In conclusion, this study provides initial evidence of the relationship between quantitative Hcy levels and early PDCI risk, suggested Hcy levels is significantly associated with cognitive decline in early PD. Additionally, a Hcy level cutoff of 17.7 µmol/L, associated with a significant increase in the probability of early cognitive impairment occurrence, was identified for the first time. More comprehensive cross-sectional and longitudinal intervention studies, involving larger cohorts, are required to validate these findings and elucidate the potential causal relationship between increased Hcy levels and cognitive decline in Early-stage PD.

Data Sharing Statement

The data sets utilized and analyzed in the current study are available upon reasonable request from the corresponding author.

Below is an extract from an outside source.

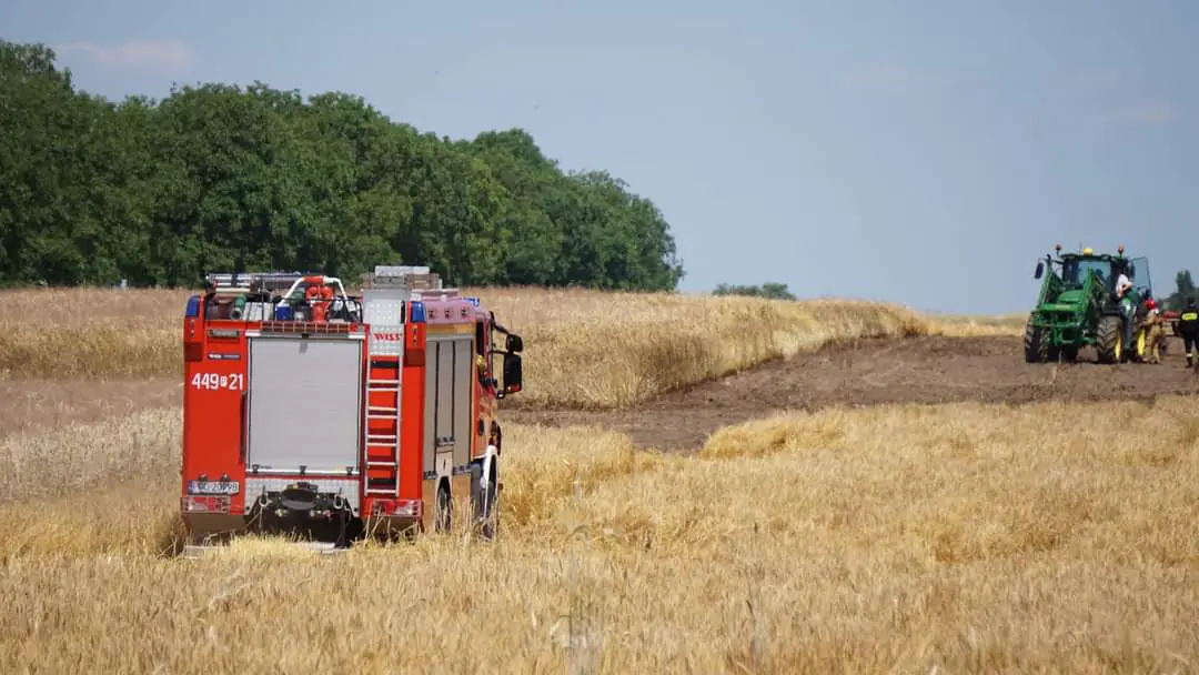 Susza daje osobie znak. W powiecie grodziskim doszło do pożaru zboża na pniu.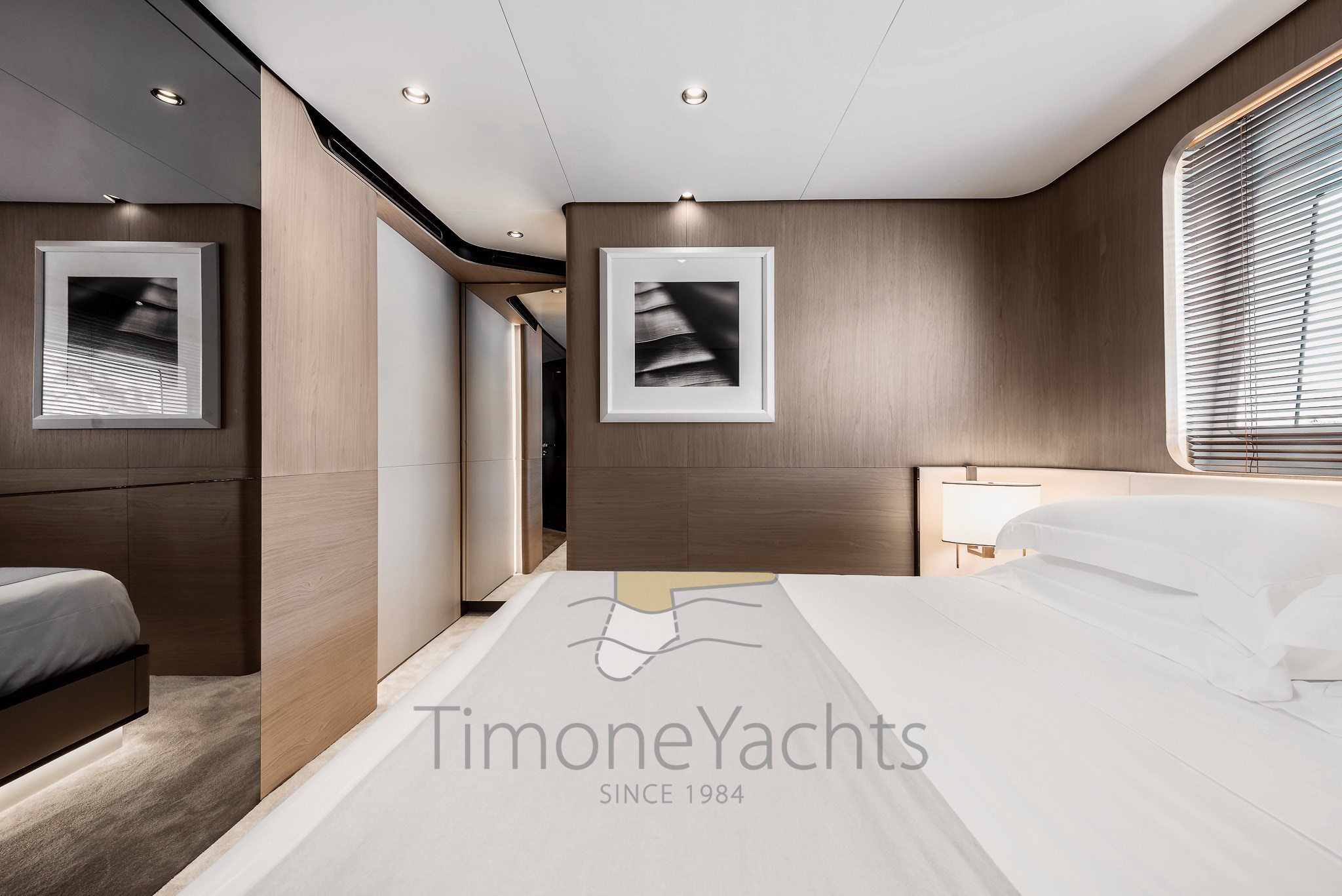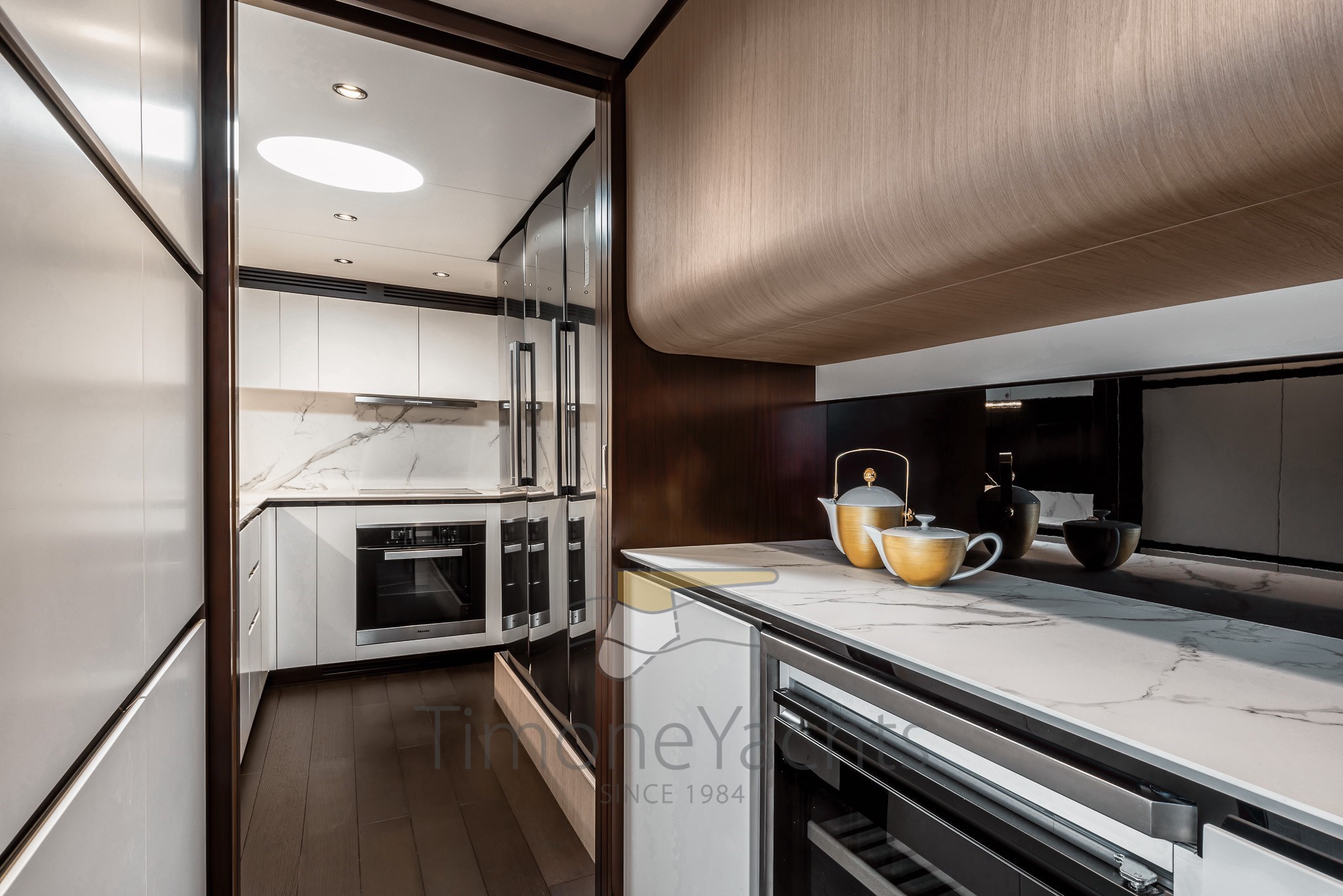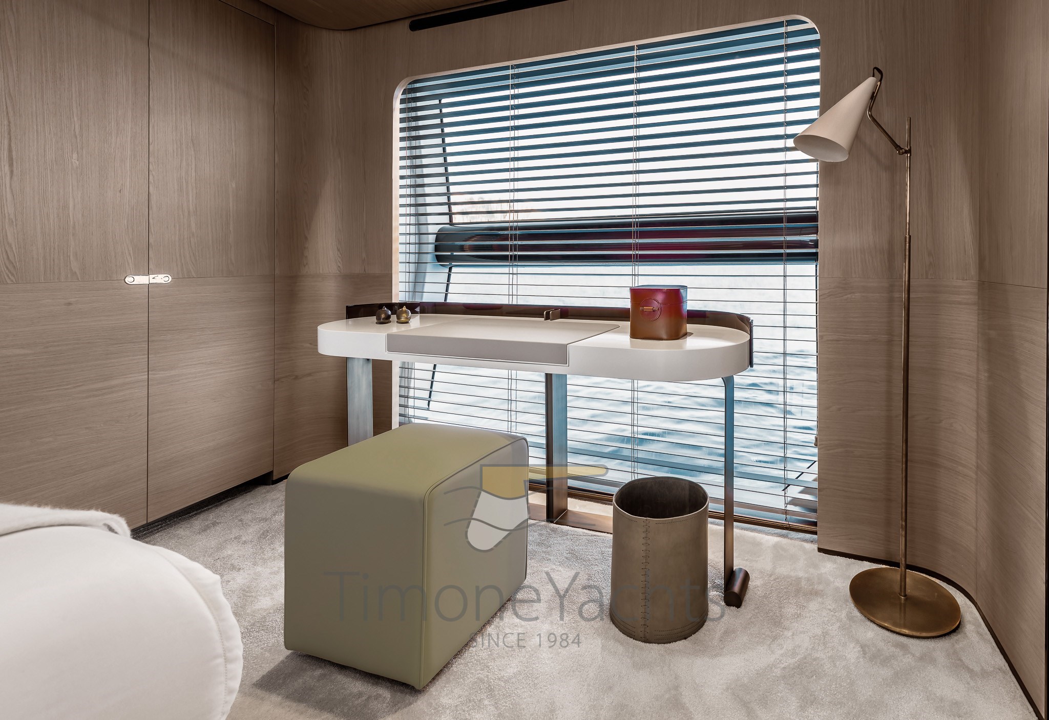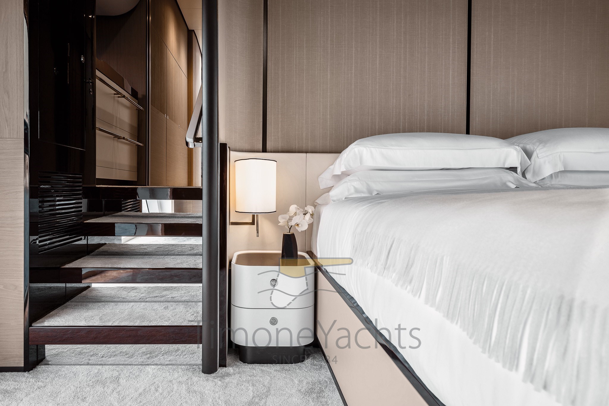 Im Gegensatz zu traditionellen Vorstellungen und den vorgegebenen Zwängen typischer räumlicher Einteilungen basiert die Unterteilung der Räume der Grande 27M auf einer Abfolge architektonischer Elemente und Schotten, die jeden Bereich umschließen und die Räume sanft mit einer harmonischen Krümmung an den Enden unterteilen, als wolle man die Wunder des Meeres durch die riesigen bodentiefen Fenster einrahmen.

Ethical Statements and Declarations

The study was reviewed and approved by the Institutional Ethics Review Committee of Suining Central Hospital (approval number 202003025) and informed consent was obtained from all participants. The authors declare that they have no known competing financial interests or personal relationships that could have appeared to influence the work reported in this paper.

Acknowledgments

We sincerely thank the patients and their families who participated in this study.

Author Contributions

All authors contributed significantly to the reported work, including conception, study design, data acquisition, analysis, interpretation, drafting, revising, and critical review of the article. They approved the final version for publication, and agreed on the journal to which the article has been submitted, and agree to be accountable for all aspects of the work.

Disclosure

This research was not funded by any public, commercial, or nonprofit funding agencies. The authors declare that the research was conducted in the absence of any commercial or financial relationships that could be construed as a potential conflict of interest.